After the District Court denied summary judgment, the defendants argued that a later case decided by the Court of Appeals for the Third Circuit had established a heightened standard for demonstrating materiality in the FCA context. According to the defendants, technical violations of the Stark Law and Anti-Kickback Statute were not material under this precedent, and therefore, the court should reconsider its previous decision and grant summary judgment against the relator.  The court rejected that position, holding that the case in question, United States ex rel. Petratos v. Genentech, Inc., 855 F.3d 481 (3d Cir. 2017), did not represent a new precedent or a clarification of the law that required reconsideration of the prior decision.

In denying the defendants’ request for reconsideration, the District Court held that Petratos merely reinforced the materiality standards set forth in Escobar, something that the defendants’ briefs acknowledged. The Emanuele court also noted that the relevant facts in Petratos were fundamentally different from those in Emanuele. In Petratos, the relator failed to allege any violation of a regulation or statute and conceded that the federal government often paid claims with full knowledge of the violations at issue. In contrast, the relator in Emanuele clearly alleged violations of the Stark Law and Anti-Kickback Statute, and he pointed to evidence of the federal government’s refusal to pay claims based on those violations. The District Court therefore stood by its earlier decision and denied defendants a second chance to seek summary judgment.

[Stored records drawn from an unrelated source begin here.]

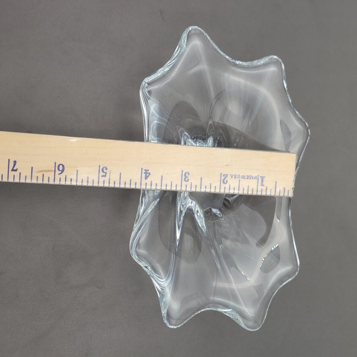 This vintage Baccarat Cadix ashtray is a stunning piece of French art glass. It features a clear color and intricate design that is sure to complement any home decor. The ashtray measures 6 1/2" in length and 4 1/2" in width, making it the perfect size for any room.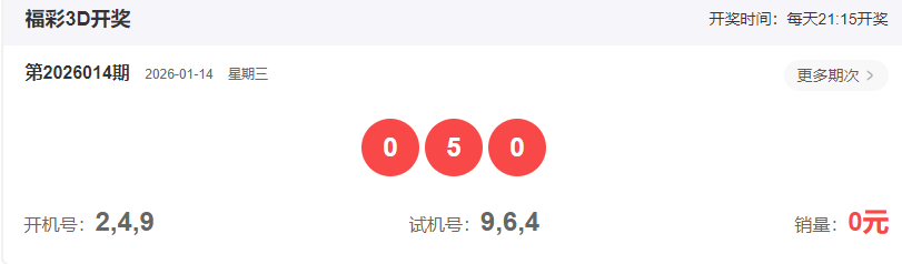 现在我们来回顾一下上期福彩3D,2026014期开出的奖号050,形态组三,小大小,和值5,5跨 合质合形态·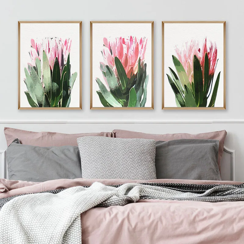 Watercolor King Protea Canvas Painting Blush Pink Wall Art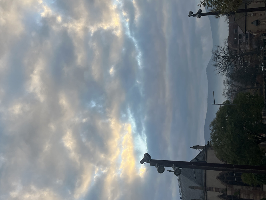 The image captures an outdoor urban landscape in Obernai, France, under an overcast sky. The sky is largely covered by dense, textured clouds, exhibiting varying shades of grey, blue, and white, with prominent areas of golden-yellow light visible through gaps on the left and upper-left, suggesting indirect illumination. In the left foreground, a tall, dark metal light pole equipped with three downward-facing spotlights stands prominently. Behind and to the left of this pole, the upper portion of a large stone building with a steeply pitched dark roof is visible. This structure is identified as the Church of Saints Peter and Paul due to its Gothic architectural style, characterized by pointed arch windows and buttress-like features. To the right of the church, a green deciduous tree with dense foliage occupies the mid-ground. Further into the mid-ground, a modern street lamp with a single horizontal light fixture is visible, positioned in front of a distant mountain range. Another dark metal pole, fitted with two downward-facing spotlights, is partially visible on the far right of the frame. Scattered bare trees and several multi-story buildings with dark roofs and light-colored facades are present in the mid-ground to the right. The background features a hazy, muted silhouette of mountains, consistent with the Vosges mountain range surrounding Obernai. No individuals, overt actions, or interactions are discernible within the scene.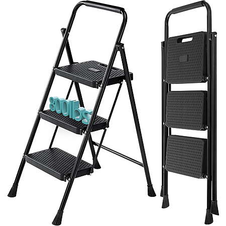 CONCETTA via Walmart.com has CONCETTA 36 Inch Iron Stepstool, 2 Folding Stepstool with Non-Slip Pedals and Comfortable Handrails, Sturdy Steel Ladder Portable Heavy Duty Stepstool for Kitchen, Garage and Outdoor Use, Black on sale for $26.99.
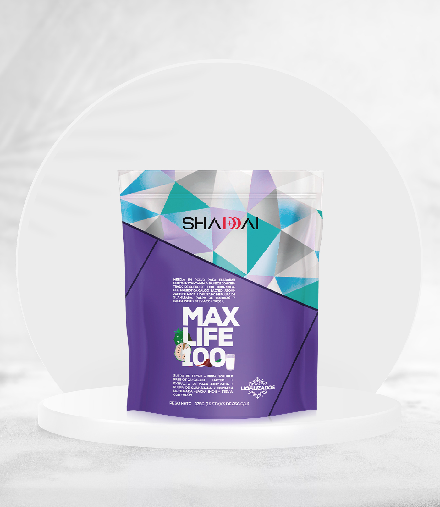 Potencia tu energía con MAX LIFE 100, proteína de suero de leche con maca, sacha inchi y guanábana que regenera músculos, aporta vitaminas y refuerza tu bienestar integral.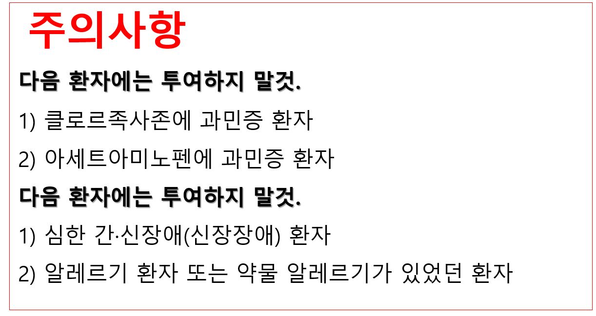 아세트아미노펜이라는 성분은 진통억제작용을 하고, 클로르족사존 성분은 근육을 이완시켜준다고 합니다.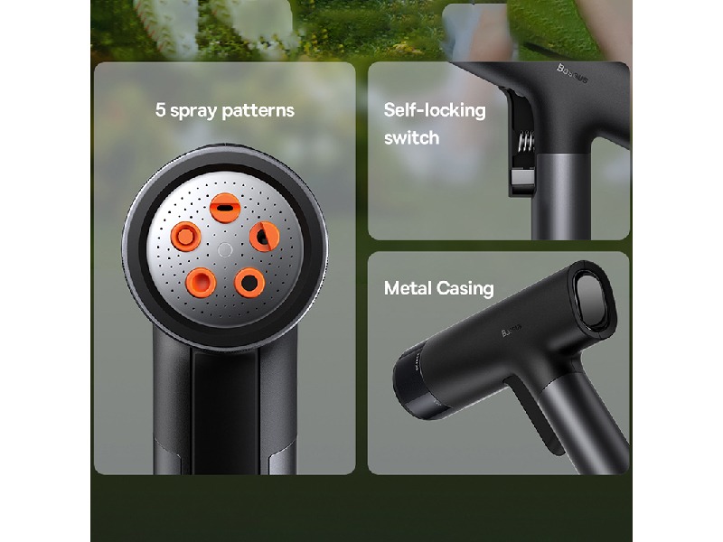 تفنگ آب پاش این محصول، فلزی است ولی به سادگی زنگ نمی زند. سری تفنگ آب پاش، حالت های مختلف پاشیدن آب ( مانند دوش حمام) دارد که می تواند به 5 حالت مختلف آب را خارج کند.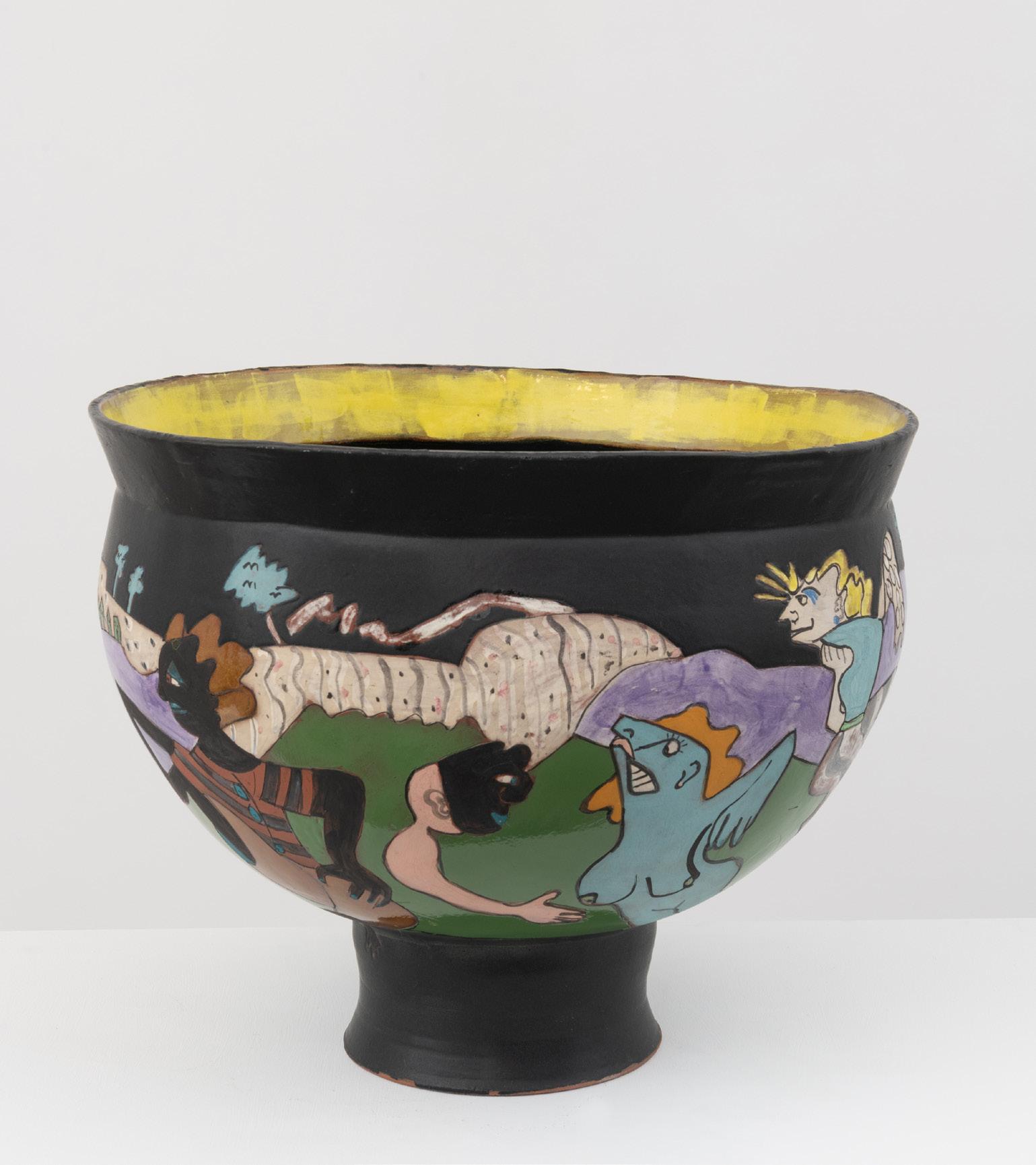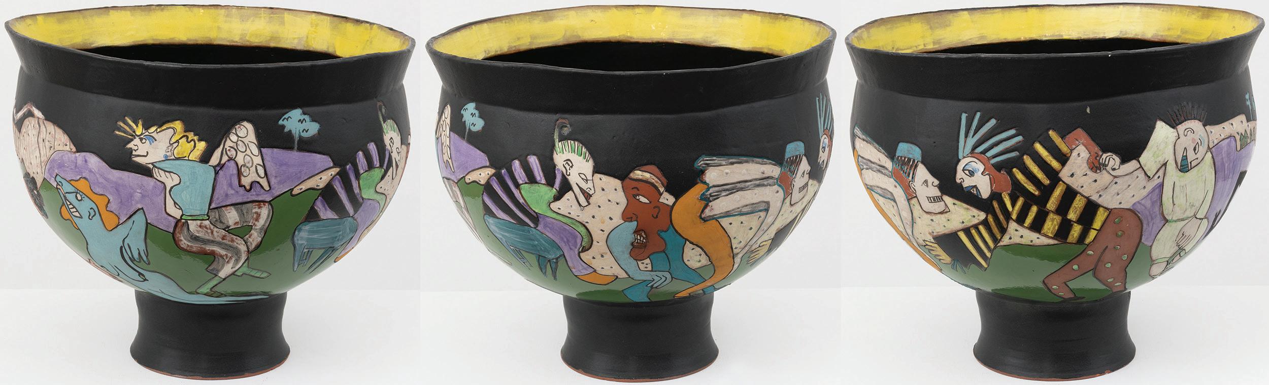 Billops transfers her colorful, expressive, almost caricaturish paintings of people interacting in a noneuclidean space onto the surface of a large black ceramic bowl of her creation, Title Unknown. This unique painting resembles a reel, with no beginning and no end, no left or right side. Inspired by African art and its aesthetics of color, Billops paints in a playful, almost childlike manner, similar to Matisse and Picasso. With a pastel palette and in her raw and distinct style, Billops paints figures of black and white people interacting in an outdoor context of land and occasional trees, surrounded by a black background, the bowl. Billops illustrates loosely drawn forms with black contours colored in flat washes of paint on its surface. The brushstrokes are visible, and the shapes are arranged like puzzle pieces. Although the foreground and background seem to merge as one flat surface of colored shapes, this image has depth. As evident in her depictions of the small trees and houses, Billops uses scale to create, distance, and depict the vastness of land. The contrast between the background and foreground colors brings light to the images. She creates a boundary between the interior and exterior of the bowl with yellow brush strokes along its inner rim. Thus, producing a dance between light and dark, balancing the composition and its colors.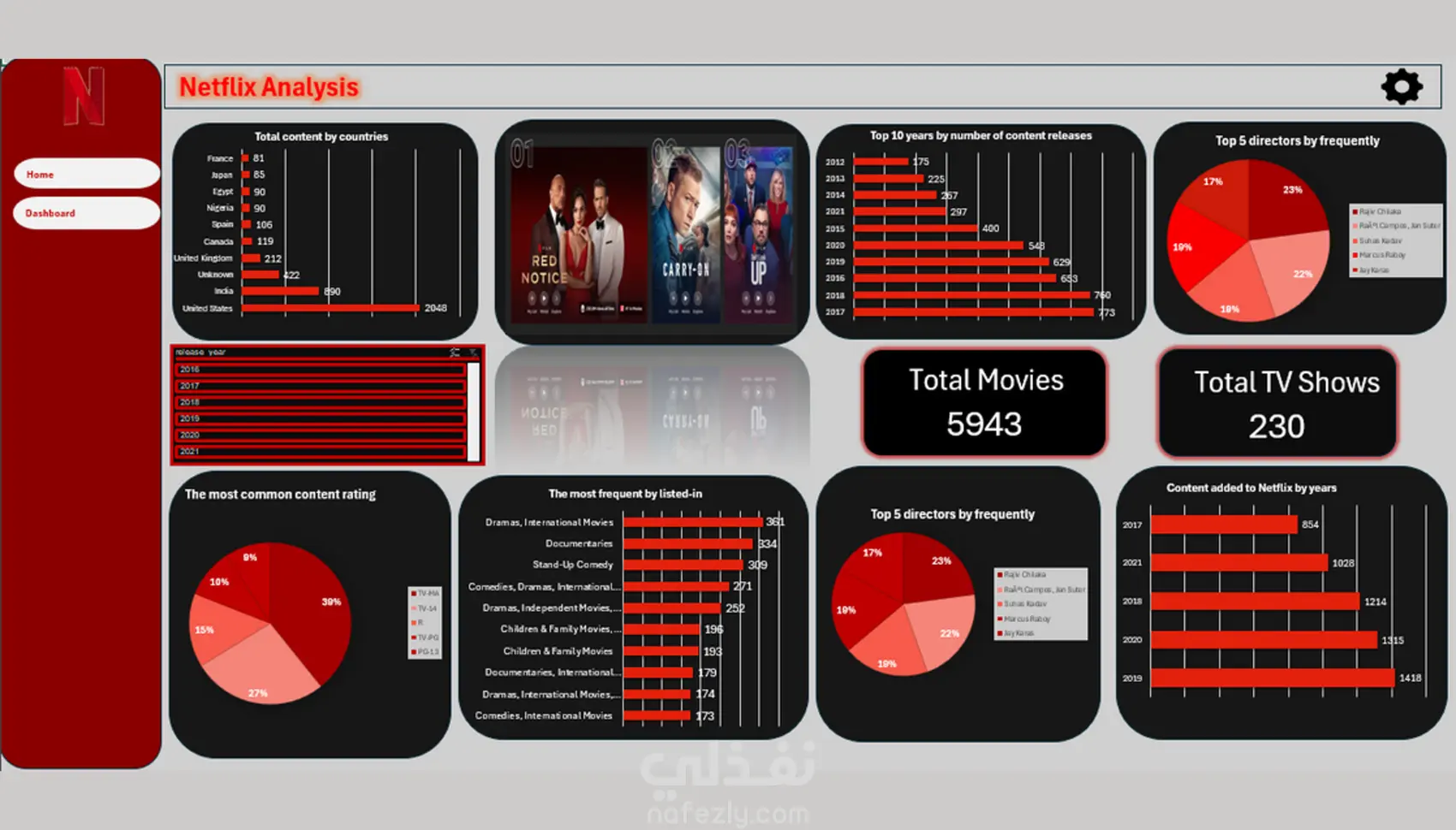 ت بإنشاء لوحة تحكم تفاعلية لتحليل أفلام ومسلسلات Netflix. تعرض اللوحة توزيع المحتوى حسب الدولة، سنة الإصدار، النوع (Genres)، التقييمات، وأشهر المخرجين.

The Emanuele case is emblematic of the ongoing battle among litigants to define the boundaries of materiality under the Supreme Court’s Escobar decision. While many decisions interpreting the Escobar materiality requirement have been favorable to defendants, the holdings in Emanuele suggest that courts will continue to undertake a fact-specific analysis in deciding what constitutes a false claim.

One lesson from the evolving case law, including Emanuele, is that in pleading an FCA claim, a relator should carefully consider the laws, regulations, or contractual provisions at issue and provide clear evidence of the government’s refusal to pay claims based on violations of those requirements. Failure to do so gives defendants an easy route to obtain dismissal of potentially viable FCA claims.